-- Exercise brief --
Reproduce, from the lines below, exactly the stretch that begins at the line containing "Bàn nhân viên 4" and ends at the line containing "فرصتی استثنایی برای", both included.

-- Provided information --
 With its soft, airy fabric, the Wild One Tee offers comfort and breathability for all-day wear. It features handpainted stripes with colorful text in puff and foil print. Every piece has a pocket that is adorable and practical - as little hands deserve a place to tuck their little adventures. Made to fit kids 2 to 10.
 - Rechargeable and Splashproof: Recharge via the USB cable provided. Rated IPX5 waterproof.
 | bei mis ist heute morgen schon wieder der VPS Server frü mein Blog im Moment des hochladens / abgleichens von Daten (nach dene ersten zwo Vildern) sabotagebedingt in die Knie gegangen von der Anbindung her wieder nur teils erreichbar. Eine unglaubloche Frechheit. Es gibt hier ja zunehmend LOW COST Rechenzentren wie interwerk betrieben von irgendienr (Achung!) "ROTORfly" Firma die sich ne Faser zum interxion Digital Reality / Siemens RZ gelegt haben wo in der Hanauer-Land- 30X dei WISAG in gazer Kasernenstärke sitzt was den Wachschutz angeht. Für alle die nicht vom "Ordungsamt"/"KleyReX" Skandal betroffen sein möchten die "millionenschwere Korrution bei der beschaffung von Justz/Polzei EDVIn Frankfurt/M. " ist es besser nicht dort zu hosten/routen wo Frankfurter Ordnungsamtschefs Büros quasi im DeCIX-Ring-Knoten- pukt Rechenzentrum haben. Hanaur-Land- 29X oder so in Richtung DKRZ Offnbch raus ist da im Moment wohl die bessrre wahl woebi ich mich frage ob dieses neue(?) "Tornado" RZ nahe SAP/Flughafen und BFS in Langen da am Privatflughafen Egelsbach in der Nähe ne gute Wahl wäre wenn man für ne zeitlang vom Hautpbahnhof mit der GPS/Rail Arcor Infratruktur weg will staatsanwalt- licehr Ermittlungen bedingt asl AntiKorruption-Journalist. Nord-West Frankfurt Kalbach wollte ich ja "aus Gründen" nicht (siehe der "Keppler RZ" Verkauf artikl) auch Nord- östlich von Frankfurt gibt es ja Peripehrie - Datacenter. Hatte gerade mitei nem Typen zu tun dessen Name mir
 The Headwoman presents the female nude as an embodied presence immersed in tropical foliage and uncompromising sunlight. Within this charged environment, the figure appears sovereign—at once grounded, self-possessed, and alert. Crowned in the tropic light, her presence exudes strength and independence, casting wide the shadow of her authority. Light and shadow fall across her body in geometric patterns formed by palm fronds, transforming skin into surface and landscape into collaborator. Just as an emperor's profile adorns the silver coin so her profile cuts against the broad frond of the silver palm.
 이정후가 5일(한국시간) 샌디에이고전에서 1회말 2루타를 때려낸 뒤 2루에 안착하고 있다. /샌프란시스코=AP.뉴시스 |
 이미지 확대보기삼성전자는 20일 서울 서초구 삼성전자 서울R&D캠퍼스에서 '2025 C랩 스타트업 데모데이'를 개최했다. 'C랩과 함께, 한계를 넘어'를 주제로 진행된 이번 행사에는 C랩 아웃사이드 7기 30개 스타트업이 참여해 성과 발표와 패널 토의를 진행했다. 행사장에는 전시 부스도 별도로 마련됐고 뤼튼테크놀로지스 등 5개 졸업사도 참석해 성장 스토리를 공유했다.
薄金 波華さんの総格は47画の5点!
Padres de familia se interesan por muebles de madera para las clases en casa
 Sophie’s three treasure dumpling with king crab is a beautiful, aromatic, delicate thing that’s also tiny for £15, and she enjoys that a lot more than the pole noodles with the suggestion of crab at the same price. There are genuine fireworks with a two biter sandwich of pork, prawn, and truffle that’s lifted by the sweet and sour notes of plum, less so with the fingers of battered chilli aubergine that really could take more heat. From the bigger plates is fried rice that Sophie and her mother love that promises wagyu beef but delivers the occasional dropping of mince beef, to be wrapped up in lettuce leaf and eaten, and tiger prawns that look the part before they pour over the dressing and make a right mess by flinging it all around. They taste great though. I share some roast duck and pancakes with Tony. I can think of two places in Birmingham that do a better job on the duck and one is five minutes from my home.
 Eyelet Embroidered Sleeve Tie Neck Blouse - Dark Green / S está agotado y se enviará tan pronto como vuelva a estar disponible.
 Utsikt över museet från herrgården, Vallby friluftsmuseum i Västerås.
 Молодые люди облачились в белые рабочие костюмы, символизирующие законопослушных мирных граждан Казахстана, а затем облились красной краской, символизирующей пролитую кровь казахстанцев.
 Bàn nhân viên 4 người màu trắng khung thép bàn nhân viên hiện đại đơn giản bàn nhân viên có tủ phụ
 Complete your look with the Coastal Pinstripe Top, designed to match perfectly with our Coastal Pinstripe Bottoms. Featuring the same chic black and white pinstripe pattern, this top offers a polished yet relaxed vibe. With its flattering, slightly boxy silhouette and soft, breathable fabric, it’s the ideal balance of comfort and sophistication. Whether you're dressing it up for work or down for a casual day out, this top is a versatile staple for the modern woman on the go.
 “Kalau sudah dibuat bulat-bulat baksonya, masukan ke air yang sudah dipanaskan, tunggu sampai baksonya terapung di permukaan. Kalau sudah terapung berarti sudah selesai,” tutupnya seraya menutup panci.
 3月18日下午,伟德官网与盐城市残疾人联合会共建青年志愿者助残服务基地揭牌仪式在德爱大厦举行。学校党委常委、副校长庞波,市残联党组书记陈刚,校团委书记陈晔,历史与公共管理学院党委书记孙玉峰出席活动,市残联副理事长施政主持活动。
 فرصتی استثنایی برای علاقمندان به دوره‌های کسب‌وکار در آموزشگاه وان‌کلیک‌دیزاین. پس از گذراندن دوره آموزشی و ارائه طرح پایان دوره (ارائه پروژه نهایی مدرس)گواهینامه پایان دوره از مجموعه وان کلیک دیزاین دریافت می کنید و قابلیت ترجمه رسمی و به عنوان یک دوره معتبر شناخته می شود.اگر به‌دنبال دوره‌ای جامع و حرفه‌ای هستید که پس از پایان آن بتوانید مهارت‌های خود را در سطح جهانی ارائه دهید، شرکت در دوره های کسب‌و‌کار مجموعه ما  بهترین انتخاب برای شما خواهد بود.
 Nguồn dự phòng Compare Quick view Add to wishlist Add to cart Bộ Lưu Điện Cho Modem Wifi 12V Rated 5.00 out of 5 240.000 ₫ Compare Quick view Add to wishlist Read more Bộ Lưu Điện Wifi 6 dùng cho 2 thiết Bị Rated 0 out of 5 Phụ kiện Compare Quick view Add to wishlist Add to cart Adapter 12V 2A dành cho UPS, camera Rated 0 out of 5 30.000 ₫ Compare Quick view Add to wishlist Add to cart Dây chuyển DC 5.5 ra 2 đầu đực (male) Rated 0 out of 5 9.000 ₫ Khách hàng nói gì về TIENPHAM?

-- Answer space --
 Bàn nhân viên 4 người màu trắng khung thép bàn nhân viên hiện đại đơn giản bàn nhân viên có tủ phụ
 Complete your look with the Coastal Pinstripe Top, designed to match perfectly with our Coastal Pinstripe Bottoms. Featuring the same chic black and white pinstripe pattern, this top offers a polished yet relaxed vibe. With its flattering, slightly boxy silhouette and soft, breathable fabric, it’s the ideal balance of comfort and sophistication. Whether you're dressing it up for work or down for a casual day out, this top is a versatile staple for the modern woman on the go.
 “Kalau sudah dibuat bulat-bulat baksonya, masukan ke air yang sudah dipanaskan, tunggu sampai baksonya terapung di permukaan. Kalau sudah terapung berarti sudah selesai,” tutupnya seraya menutup panci.
 3月18日下午,伟德官网与盐城市残疾人联合会共建青年志愿者助残服务基地揭牌仪式在德爱大厦举行。学校党委常委、副校长庞波,市残联党组书记陈刚,校团委书记陈晔,历史与公共管理学院党委书记孙玉峰出席活动,市残联副理事长施政主持活动。
 فرصتی استثنایی برای علاقمندان به دوره‌های کسب‌وکار در آموزشگاه وان‌کلیک‌دیزاین. پس از گذراندن دوره آموزشی و ارائه طرح پایان دوره (ارائه پروژه نهایی مدرس)گواهینامه پایان دوره از مجموعه وان کلیک دیزاین دریافت می کنید و قابلیت ترجمه رسمی و به عنوان یک دوره معتبر شناخته می شود.اگر به‌دنبال دوره‌ای جامع و حرفه‌ای هستید که پس از پایان آن بتوانید مهارت‌های خود را در سطح جهانی ارائه دهید، شرکت در دوره های کسب‌و‌کار مجموعه ما  بهترین انتخاب برای شما خواهد بود.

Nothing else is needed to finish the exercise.